Personally I just use Google-Collabs, though any Python-IDE would do.
Regarding the matplotlib message, I get that as well, though no idea how to resolve that.
Now with the error 137 - I think it refers to ALL data in the project, making the other plots smaller (no idea how big they are) should also help. I can run you heatmap-code in my project.

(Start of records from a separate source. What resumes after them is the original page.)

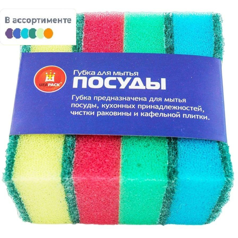 Губка для посуды поролон 9.6x6.4 см с абразивным слоем (4 штуки в упаковке). Губка для мытья посуды изготовлена из гладкого поролона, с одной стороны имеет дополнительный абразивный слой-полосу, прекрасно отчищающую сильные загрязнения, но не повреждающую при этом поверхность. Универсальная губка - подойдет для очистки посуды, бытовых поверхностей и техники, уборки кухонь и ванных комнат. Имеет удобную прямоугольную форму, комфортно ощущается в руке, безопасна и удобна в использовании. Имеет оптимальные габариты. Размер губки: 9.6x6.4x2.7 см. Поставляется упаковками по 4 штуки.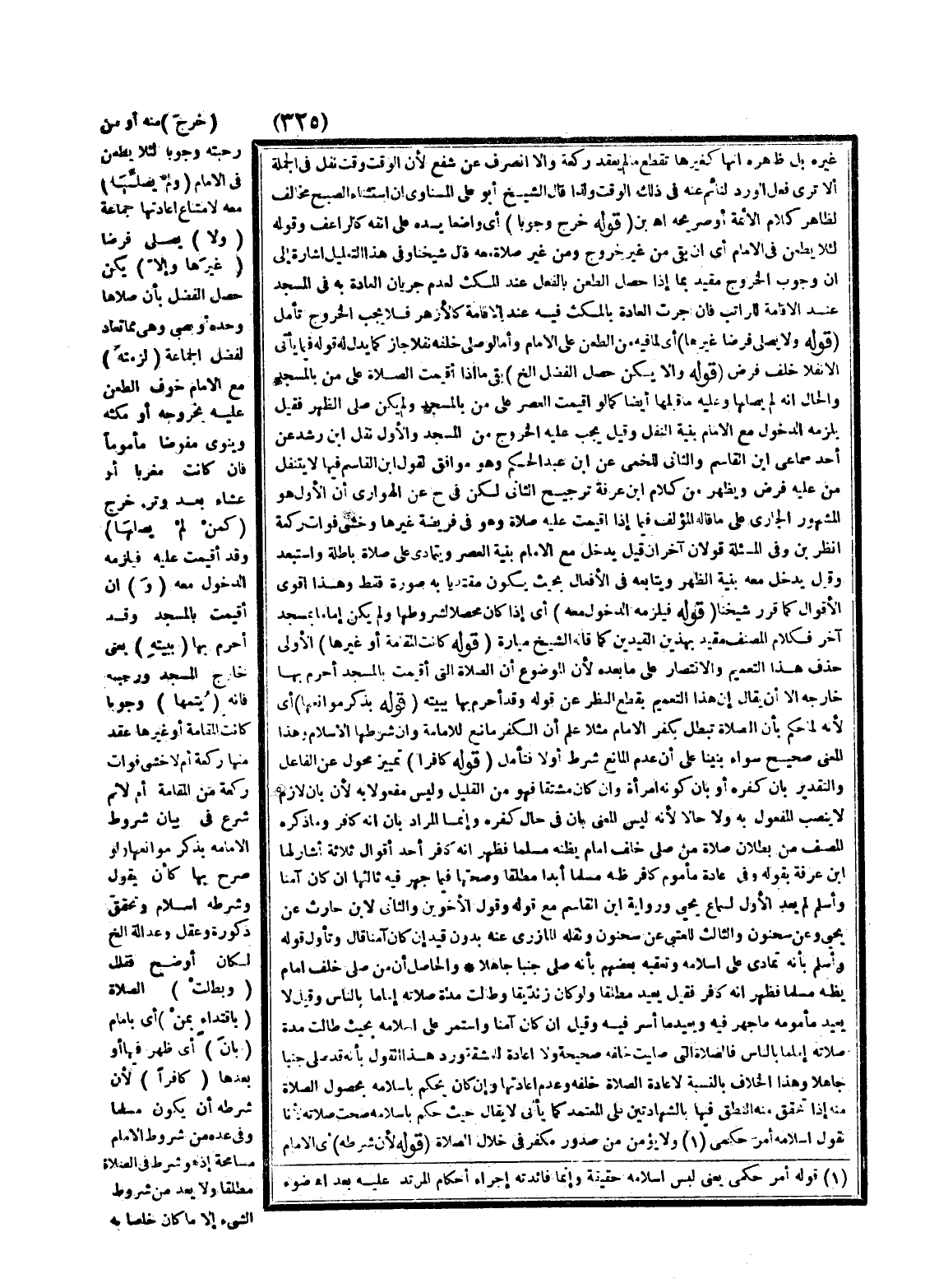(خَرَجَ) مِنْهُ أَوْ مِنْ رَحْبَتِهِ وُجُوبًا لِئَلَّا يَطْعَنَ فِي الْإِمَامِ (وَلَمْ يُصَلِّهَا) مَعَهُ لِامْتِنَاعِ إعَادَتِهَا جَمَاعَةً (وَلَا) يُصَلِّي فَرْضًا (غَيْرَهَا وَإِلَّا) يَكُنْ حَصَلَ الْفَضْلُ بِأَنْ صَلَّاهَا وَحْدَهُ أَوْ بِصَبِيٍّ وَهِيَ مِمَّا تُعَادُ لِفَضْلِ الْجَمَاعَةِ (لَزِمَتْهُ) مَعَ الْإِمَامِ خَوْفَ الطَّعْنِ عَلَيْهِ بِخُرُوجِهِ أَوْ مُكْثه وَيَنْوِي مُفَوِّضًا مَأْمُومًا.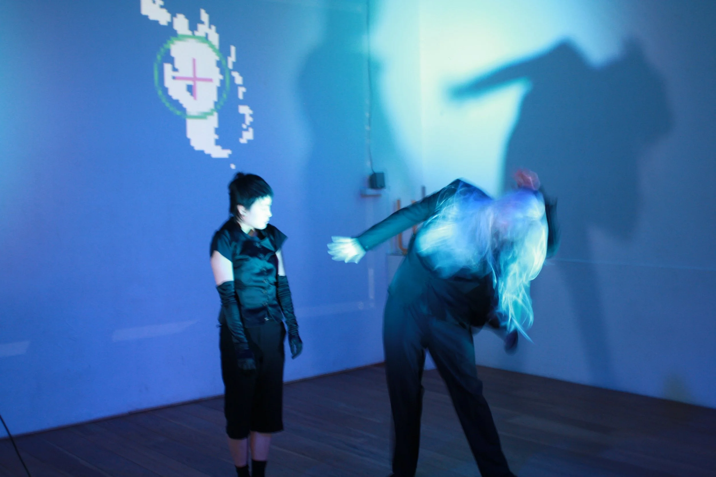 Two bodies, along with the audience, discover how the system works and experiment to see what they can do with it. They then use the system to attempt to transcend the limitations of their bodies, allowing them to access new and unseen aspects of themselves through a partnership with technology.

Also please take a look at your data-preparation, because as I said, there is a mistake and this results in wrong values for the heatmap.
How would I change all the zeros (“0”) in the heat map to “0.0”?I tried doing it one way but it does not seem to work.
df_corr=df.corr(method="pearson") df_corr=df_corr.round(1) df_corr= df_corr.replace(0,0.0) print(df_corr) mask = np.zeros(df_corr.shape, dtype=bool) mask[mask==0]=0.0 mask[np.triu_indices(len(mask))] = True sns.heatmap(df_corr, vmin = -1, vmax = 1, center = 0, cmap = 'coolwarm', annot = True, mask = mask) plt.show()
You don’t. You also don’t need the .round(1) - the task asks of neither and by doing them anyway you are in fact introducing code that might make you fail the final test.
Focus on cleaning up the data properly and you should get the correct results without the need of additional actions.
Here is the message I get if I do not round:
"FAIL: test_heat_map_values (test_module.HeatMapTestCase)
Traceback (most recent call last):
File “/home/runner/boilerplate-medical-data-visualizer/test_module.py”, line 47, in test_heat_map_values
self.assertEqual(actual, expected, “Expected differnt values in heat map.”)
AssertionError: Lists differ: [‘0.0025’, ‘0.0034’, ‘-0.018’, ‘0.00033’, ‘-0.[795 chars].14’] != [‘0.0’, ‘0.0’, ‘-0.0’, ‘0.0’, ‘-0.1’, ‘0.5’, ‘[612 chars]0.1’]
First differing element 0:
Diff is 2250 characters long. Set self.maxDiff to None to see it. : Expected differnt values in heat map."
That is why I thought I may need to round. I know how to round but I am not sure how I would change a "0’ to a “0.0”.
Nah, if numbers are different, the issue is somewhere else.
Kinda annoying how it always takes like 2mins to start my repl to test something…
But turns out the easy way is to add an argument to the heatmap
sns.heatmap(..., fmt='.1f') - this will format numbers as floats with one decimal.